Answer: The Plague of Justinian
Long before the Black Plague swept through Europe and decimated the population in the 14th century, it was wiping out hordes of people in the Eastern Roman Empire in the 6th century. What we’ve given different names to over the years—the Bubonic Plague, the Black Plague, the Black Death, and other names that telegraph the seriousness of the disease—are all manifestations of the same bacteria: Yersinia pestis.
When humans began gathering in large numbers in early city-states, vermin came along with them to prey on their food stores and refuse. Along with those vermin came fleas (the real carriers of the bacteria); those pests combined with the poor sanitation practices of the day led to frequent and devastating outbreaks of the bacteria.
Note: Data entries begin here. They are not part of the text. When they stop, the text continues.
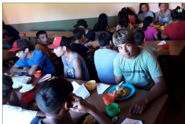
Providing a safe gathering place for young people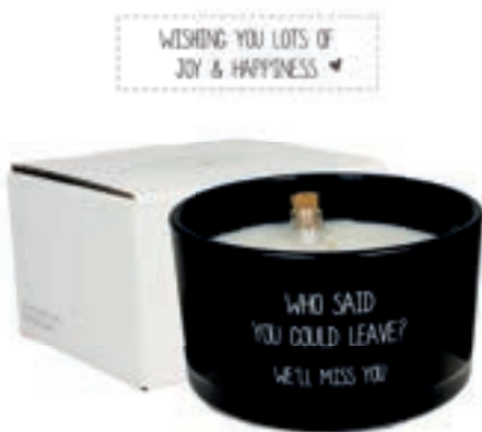
SKU: GL.MB.003.01 Scent: Warm Cashmere Size: D.9 x H.5 cm Quantity: 4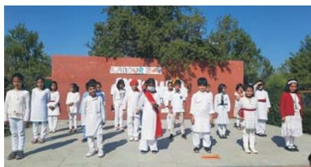
Labour Day celebrations by Class 4th D and 7th C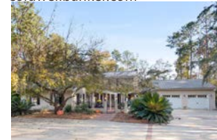
386 Fox Hollow Circle Hinesville - $399,900

A MUST SEE! A stunning, well maintained three bedroom two bath home. The inviting living room radiates hospitality and charm and also features a warm, cozy fireplace and showcases a large, arched window. The kitchen has everything a cook could want - stove, refrigerator, and dishwasher within reach. Outside is a screened porch and a backyard privacy fence, perfect for a quiet afternoon with a cool breeze. This home is great for celebrating family holidays and starting new traditions. It is located in a secluded subdivision in Long County. Jimmy Shanken, Coldwell Banker Holtzman REALTORS, 912-368-4300 or 912-977-4733 or email jimmy.shanken@coldwellbanker.com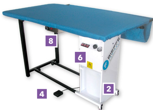
Models BF210, BF212, BF214 with board 151x81 cm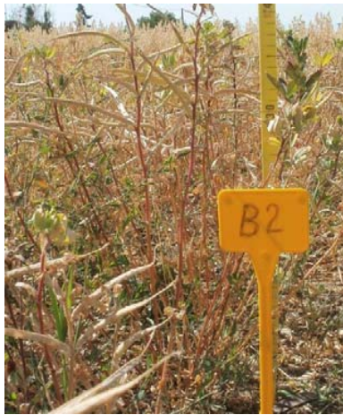
Fig. 3 (a) Plants of fenugreek before harvest sowed at the middle of March on experimental field of "LARSAB" (France)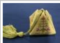
Honor Thy Needle 1 of 2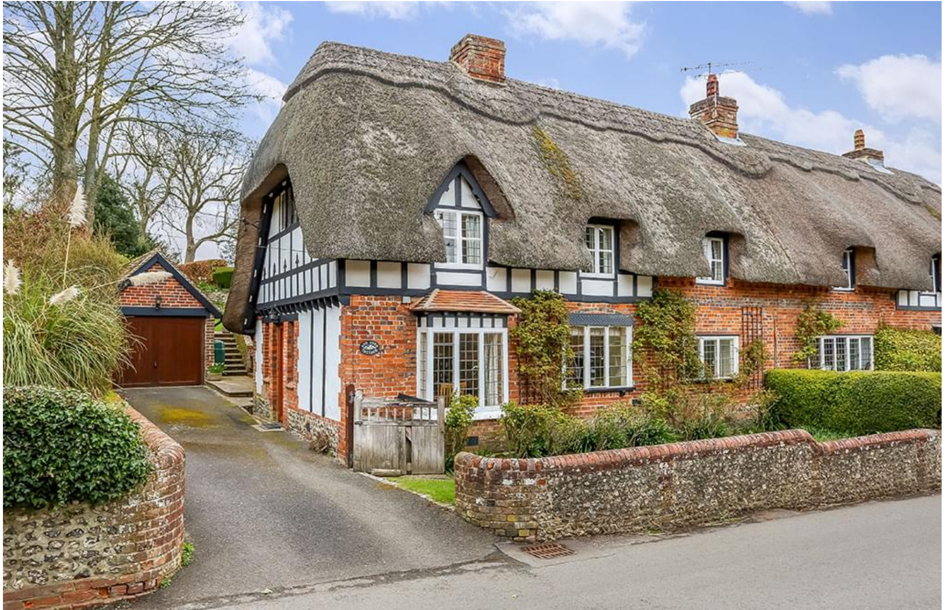
Ash Tree Cottage, Crawley, Hampshire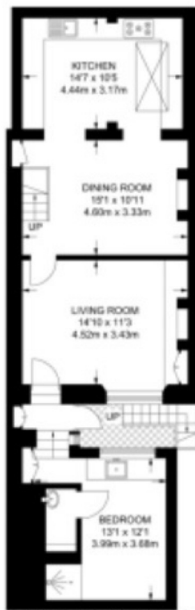
LOWER GROUND FLOOR 686 SQ FT / 63.7 SQ M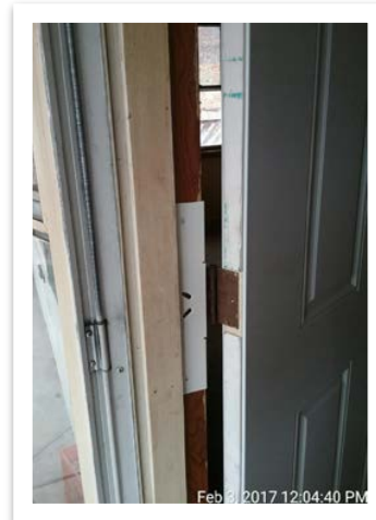
Photo showing door hinge protection product installed.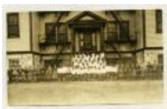
Alberni Indian Residential School and Students (38f-c000115-d0001-001)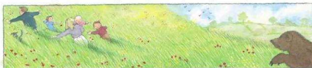
Back through the grass! Swishy swashy! Swishy swashy!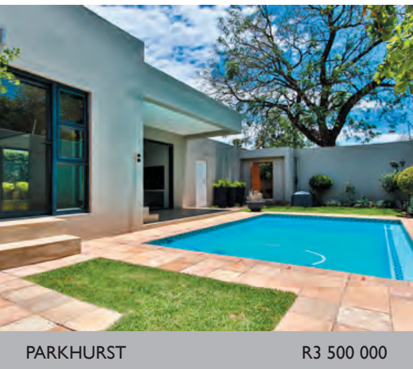
PARKHURST R3 500 000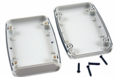
Key Internal Features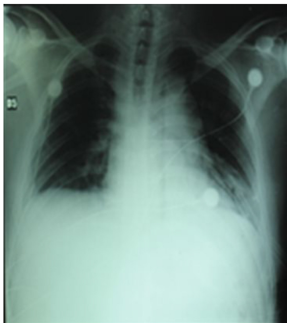
Fig. 2 – Chest X-ray at admission.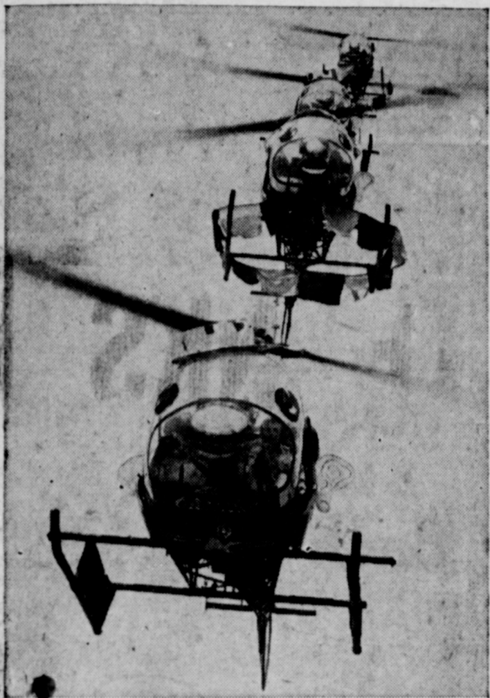
AND ALL PROMENADE—The Army's famed Helicopter Square Dance Team from the Army Aviation Center, Camp Rucker, Ala., a featured event at the National Aircraft Show in Philadelphia Sept. 3-4-5, lines up for a final bow. The four Bell H-13 "choppers" are dressed country-style and dance the same way—for fun and to show the maneuverability of this member of Army's flying family.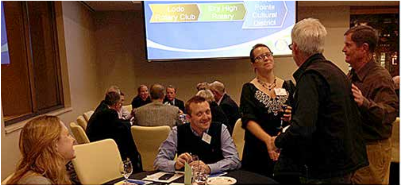
Denver Metro Rotaract, Denver Mile High, Denver Sky High in the midst of collaboration talks.

Area I Assembly Tuesday, October 29, 2013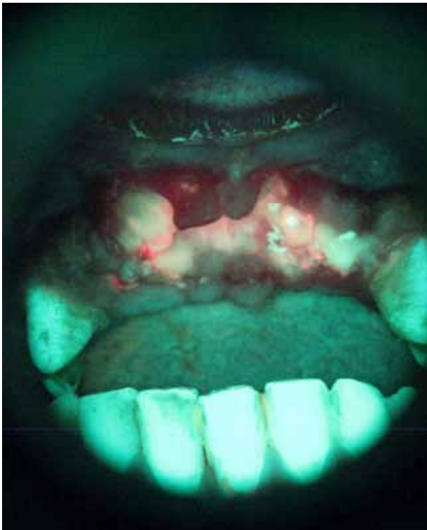
Figure 2: Dark area is VEL-scope- positive, which was confirmed by biopsy as Verrucous Carcinoma (VC)

or carcinoma (Fig. 2). Histopathological characteristics of the excised specimens revealed acanthosis, papillomatosis and hyperkeratosis of the epithelium of the lesion, continuing with characteristics of healthy mucosa. Squamous epithelial cell composition of the tumor did not give a definite atypical character, but showed blunt rete processes towards the sub-epithelial area. Lymphocyte infiltration was noted in the periphery of the tumor islands.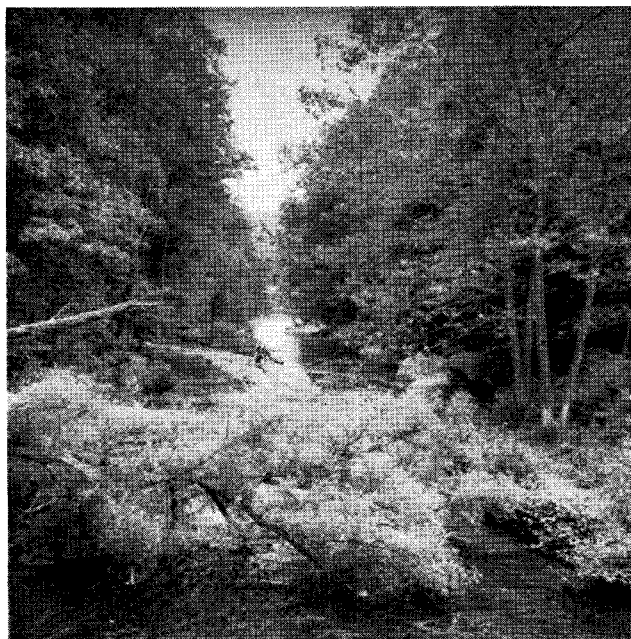
View Downstream From Bridge Key No. 7-b

justifies consideration of the restoration of the original home and the installation of fine dining facilities for public use.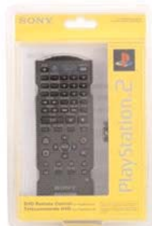
PlayStation 2 controller

My next bargain is actually a tip I received from an AAC discussion group, and it's pretty neat! If you are an individual who uses an AAC device with an infrared (IR) output so that you can control a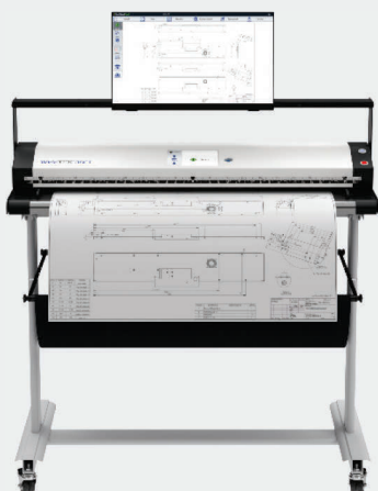
Large documents like maps rewind to the front or fall into the paper catch.

The WideTEK® 36CL produces extraordinarily sharp images, with color accuracy even superior to competing CCD scanners. Document rotation is done on the fly, a scan of an E-sized / A0 document in portrait mode at 300 dpi in 24bit color takes less than 7 seconds to scan and another 2 seconds to crop & deskew, preview and store.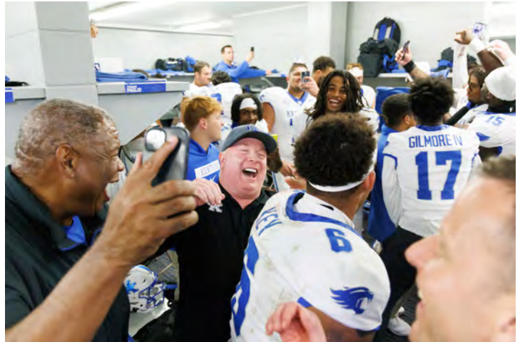
Kentucky celebrated after defeating No. 6/5 Ole Miss earlier this season on the road, its highest-ever AP-ranked win on an SEC opponent's campus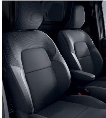
black fabric interior upholstery

Long before the staggering number of deaths around the 1340s and 1350s in Europe, there was a smaller, but still deadly, outbreak around the 6th century known as the Plague of Justinian caused by the very bacteria that would travel quietly and with great consequence around Asia and Europe for centuries.
Despite Yersinia pestis infections having high mortality rates ranging from 80 to nearly 100 percent in untreated cases depending on the variety contracted (bubonic, pneumonic, or septicemic), Justinian the I (the Roman Emperor at the time of the original outbreak) survived a brush with the plague that would later be named after him.